海外での節約自炊のコツとおすすめメニュー。旅中でも安くおいしく健康に。

旅中の自炊は、節約できるだけでなく健康にも良い影響を与えます。
また、その土地を「食材」という面からもよく知ることができます。

私たちは料理が大好きなので旅中でもよく自炊をしますが、そのおかげもあってあまりお金をかけずに旅を続けることができています。

そこで、海外旅行中に私たちがやっている「美味しく」「安く」自炊をする方法を、今思い出せる限り書き連ねてみました。

美味しくなくてもよければもっと安く済みますが、そこのバランスは自分の好みで調節してください。

前提

・自炊は、1日ではあまり安く上がりません
国によっては、外食よりも高くなってしまうこともあります。
自炊は、日が経つごとに1日あたりの食費が安くなっていくので、ある程度長く自炊が続けられる環境がある場合にこの記事が有効になると思います。

1人よりも2人以上がいいです。
もちろん1人でもいいですが、人数が多いほうが食材を余らせることなく使い切れるので、安いけれど1人で消費しきれない量のものなど、色んな食材を楽しめます。
また、仕事を分担できるので負担なく自炊を続けられると思います。

日本から持ってきているもの

日本から持ってきているものは、塩とこしょうです。
普通の塩こしょうではなく、ミルで持ってきています。

こしょうは、KALDIで買った塩の容器に入れています。(KALDIの塩と容器セットは300円くらいで買えます。)
塩はドイツで、塩と容器セットを1ユーロくらいで買いました。

中身は、海外のスーパーで買い足しています。

これを使うことによって、特にこしょうは香りが立ち、味がワンランクアップすると思っています。

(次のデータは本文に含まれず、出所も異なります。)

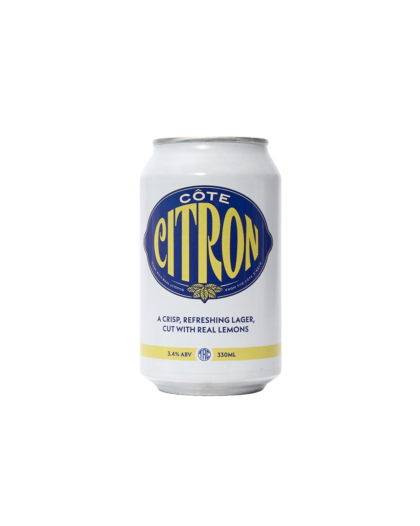 Côte Citron is panaché lager crafted by an independent brewery using lemons from the Côte d'Azur. It's zesty, crisp, and refreshing, perfect as an aperitif or a low‑ABV summer sipper. ABV: 3.4%.
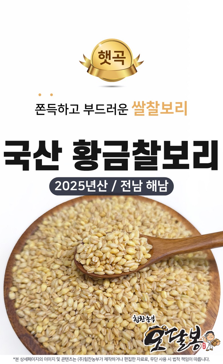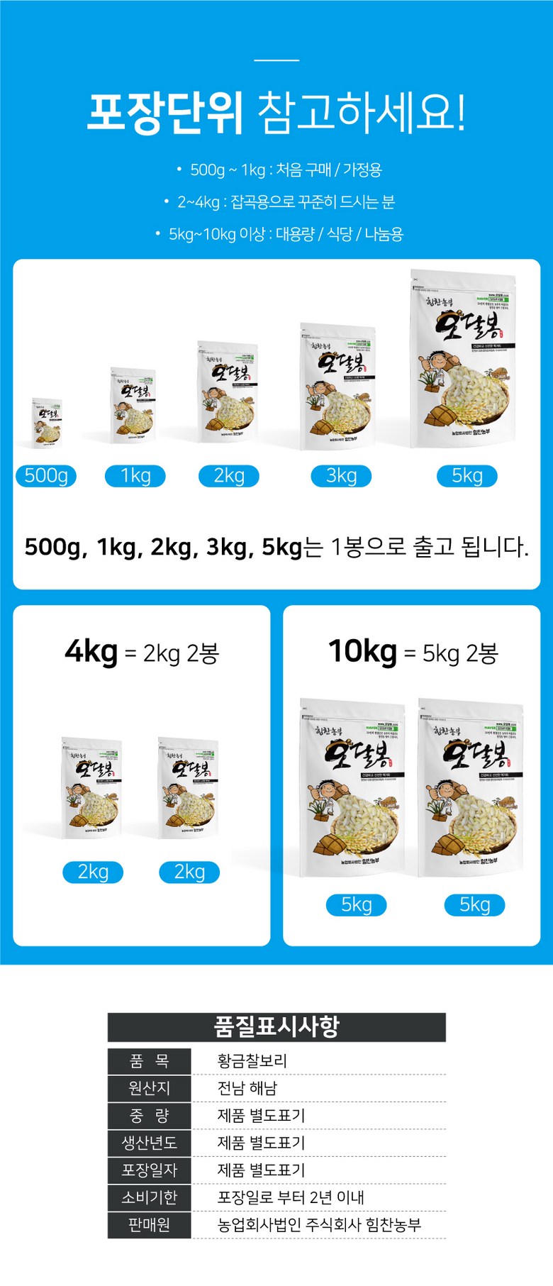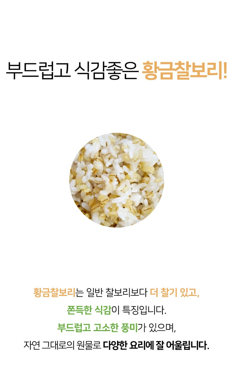 | 품목 또는 명칭 | 황금찰보리 | 포장단위별 내용물의 용량(중량),수량,크기 | 500g 1kg 2kg 3kg 4kg(2kg+2kg) 5kg 10kg(5kg+5kg) |

ちなみに、醤油や味噌も持ってきていますが、外国人に親切にしてもらったときにお礼として日本食を作ってあげるときに使うようにしているので、自炊ではほとんど使いません。

▼ウクライナで泊めてもらった家族にお礼で作ったきんぴら。好評だった。

▼とろろ昆布でだしを取ったふろふき大根。これも意外にも好評だった(味も見た目も)。

日本食が恋しい!無性に食べたい!海外旅行中にそんなときはありませんか?荷物にならず、手軽に食べられるおすすめの日本食をご紹介します。

食材を買うときのコツ

・安いスーパー探し

近所にいくつかスーパーがある場合は、何軒かまわってみて相場をチェックしてみたほうがいいです。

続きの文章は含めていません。